▶ **ABOUT THIS EXERCISE**:
Please repeat only the lines below starting at the line that holds "The tenant’s employment" and ending at the line that holds "Dimension 142x142x66 mm.", exactly, with both of those lines included and every picture omitted.

▶ **ENTRIES PROVIDED**:
━━━━━━━━
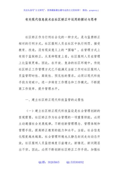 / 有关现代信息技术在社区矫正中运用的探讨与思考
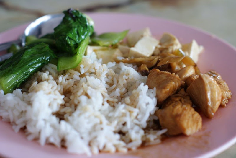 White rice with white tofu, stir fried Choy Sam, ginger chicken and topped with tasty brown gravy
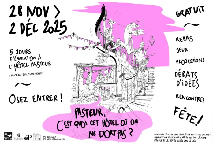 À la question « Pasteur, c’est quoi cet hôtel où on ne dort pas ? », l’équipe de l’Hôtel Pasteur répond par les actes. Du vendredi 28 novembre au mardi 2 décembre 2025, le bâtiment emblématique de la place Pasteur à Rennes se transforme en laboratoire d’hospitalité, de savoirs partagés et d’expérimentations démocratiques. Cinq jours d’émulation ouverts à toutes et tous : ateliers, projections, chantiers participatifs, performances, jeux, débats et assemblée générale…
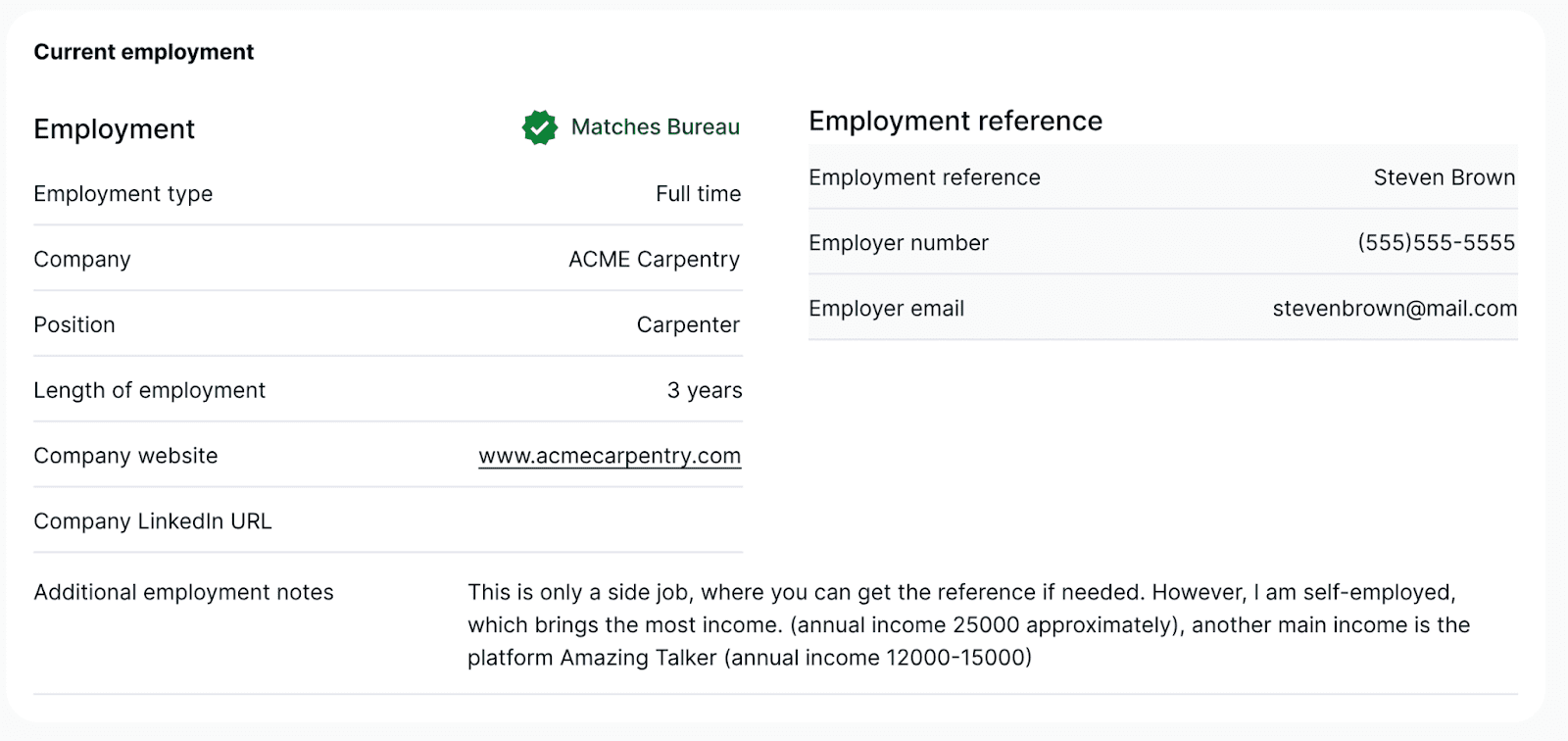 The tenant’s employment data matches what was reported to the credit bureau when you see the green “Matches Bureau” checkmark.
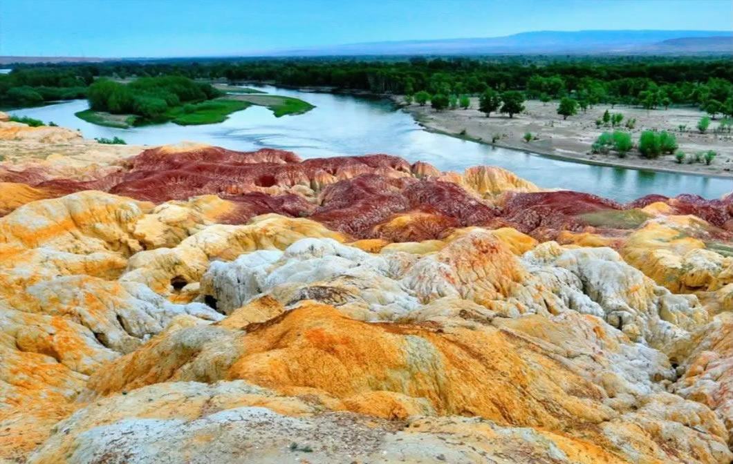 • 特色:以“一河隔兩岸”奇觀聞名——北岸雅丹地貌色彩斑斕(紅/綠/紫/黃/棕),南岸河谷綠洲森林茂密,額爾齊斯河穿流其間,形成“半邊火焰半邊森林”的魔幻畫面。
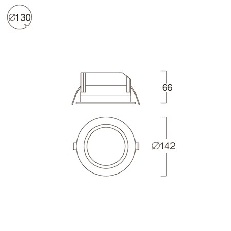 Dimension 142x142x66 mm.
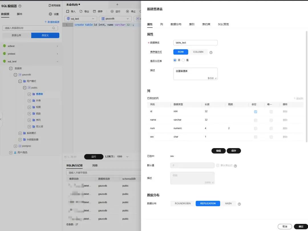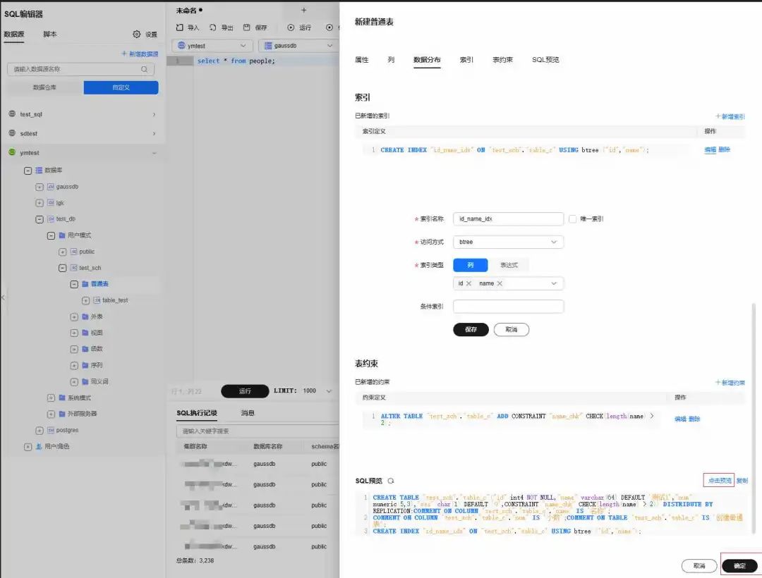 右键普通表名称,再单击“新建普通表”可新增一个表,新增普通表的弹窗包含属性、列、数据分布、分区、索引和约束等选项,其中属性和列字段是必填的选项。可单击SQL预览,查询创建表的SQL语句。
━━━━━━━━
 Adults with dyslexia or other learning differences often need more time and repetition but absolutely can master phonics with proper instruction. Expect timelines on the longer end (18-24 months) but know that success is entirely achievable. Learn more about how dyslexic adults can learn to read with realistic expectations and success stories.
━━━━━━━━
▶ **FINISHED TASK**:
 The tenant’s employment data matches what was reported to the credit bureau when you see the green “Matches Bureau” checkmark.
 • 特色:以“一河隔兩岸”奇觀聞名——北岸雅丹地貌色彩斑斕(紅/綠/紫/黃/棕),南岸河谷綠洲森林茂密,額爾齊斯河穿流其間,形成“半邊火焰半邊森林”的魔幻畫面。
 Dimension 142x142x66 mm.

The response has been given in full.